За краем лугов, где – чуть видно – белеет нитка шоссе, дымит. Там чугунка. Тянется длинный-длинный товарный поезд. Уже забежал за край леса, дымит над зеленой каймой, а хвост все еще за лугами, за шоссе. Да, подают и подают. Вот уже третий ползет за этот час, как сидим.
– Двери раздвинуты, – военный. Еще до Сибири, сказывают, не дошло. А уж как Сибирь двинут… Ото всех морей идем, ото всех океянов. Удумать бы сдюжили, а силы много у нас… Не должны уступить.
Смотрю на Семена. Что в нем? Спокоен, беззлобен. Война для него не подвиг и не игра и, пожалуй, даже не зло. Страшно важное, страшно трудное дело. Сделать его нужно, – не отвернешься. Но нельзя и забыть свое, здешнее. Сегодня он отсеялся и рад узнать от меня, что идет к дождю. У него на усадьбе за плетнем штук пятнадцать хороших яблонь. Грушовку и аркад он снял, завтра собирается снимать коро-бовку и боровинку – дюже покраснела. У него в садочке шалаш, краснеет на травке лоскутное одеяло, и он спит в шалаше вот уже третью неделю, сторожит от поганцев-ребятишек. У него хорошая антоновка, первое яблоко, и он мне подробно рассказывает, как заводил этот садочек, сколько собрал в прошлом году и как лет пятнадцать тому назад выдрал веревкой в этом садочке своего Мишку – не показывай дорожку другим.
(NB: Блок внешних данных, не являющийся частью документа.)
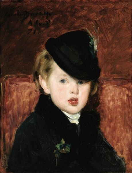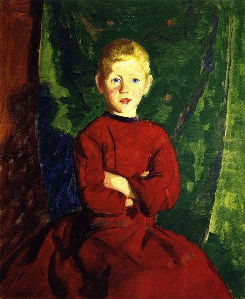 Curator: Standing before us, we have Robert Henri's "Irish Boy," painted in 1898, a striking oil painting that's both tender and unflinching. Editor: The immediate mood that hits me is thoughtfulness. There's a certain melancholy to his gaze. The brushstrokes feel… immediate. Like a quick study capturing a fleeting feeling. Curator: Exactly. Henri was part of the Ashcan School, a group known for depicting everyday life with realism. Here, he presents us with a working-class boy, painted not with idealized beauty, but genuine humanity. Look at his clothing and those rosy cheeks. Editor: That slightly oversized coat gives him such a great vulnerable quality. The almost clumsy way he's clasping his hands, like he’s trying to comfort himself, or hold on to something precious. Did Henri paint him outside or somewhere like the bar? It all seems very unkempt and cold to me. Curator: Art historians will connect these artworks and realism styles to increasing urbanism, populism, and democratic ideals, because such depictions of poor populations had begun to surface frequently in popular literature. These new migrants that began settling in large cities were being scrutinized not only for how well they integrated, but also how society's view on class consciousness was in a state of change. Editor: It makes you think, what was this boy’s life like? He doesn’t feel posed, he’s not play-acting in that moment; there’s a quiet truth radiating from this kid. Did Henri see a little of himself in the Irish Boy, capturing a kind of silent, everyday hardship? Curator: The context, too, matters. This was painted during a period of immense social change. Irish immigrants faced hardships and prejudice. Henri might be subtly drawing attention to these issues. It’s both a portrait and social commentary, isn't it? Editor: Yes! And seeing it now, it feels like Henri found a way to connect with humanity that art always strives for. This portrait is really great work! Curator: The work’s impact reverberates still today as its image has stood as an exemplary symbol of childhood struggles, and it does so with compelling depth!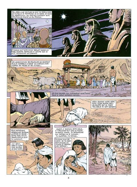 Quinze siècles avant notre ère, les Hébreux attendent la venue de Moïse le prophète... Comme un chant ayant traversé les siècles, "Les Héritiers du soleil" nous content l'histoire de peuples millénaires. Les auteurs parviennent à déjouer les pièges du péplum et décrivent avec intelligence et subtilité la vie quotidienne du peuple égyptien et l'âpre combat des Hébreux autour de l'Arche d'Alliance.

– По весне сам мне весь сад окопал – сапер. Да ведь как окопал-то! За час все, на полторы ло-паты! Наклали мы ему грушовки полон мешок, еще пробель только-только показала. А уж теперь и антоновка скоро сок даст. А как, раненые-то которые или кто убит… фамилии-то печатают?
– Нет еще, не видал.
– Будут когда – следи уж Михайла Семеныч Орешкин, сапер. Гляди ты, опять дымит! Ну, дай Бог на счастье…
За семью печатями
IС какого конца ни въезжай в Большие Кресты, увидишь в середине села ярко-зеленую крышу, а над ней плакучую, развесистую березу. Это глядит с бугорка на меняющийся свет Божий казенная винная лавка – № 33. Каждый мужик, подъезжая, непременно помянет Столярову поговорку:
– Три да три: выпил – карман потри.
Столяр Митрий, покривившаяся изба которого как раз напротив лавки, бывало, плакался на судьбу за такое соседство:
– Никуда от нее не денешься, – плачешь, а идешь. Да-а, как глаза ни три, а все – в три да в три! Сам и полки ей отлакировал, а через ее одна неприятность.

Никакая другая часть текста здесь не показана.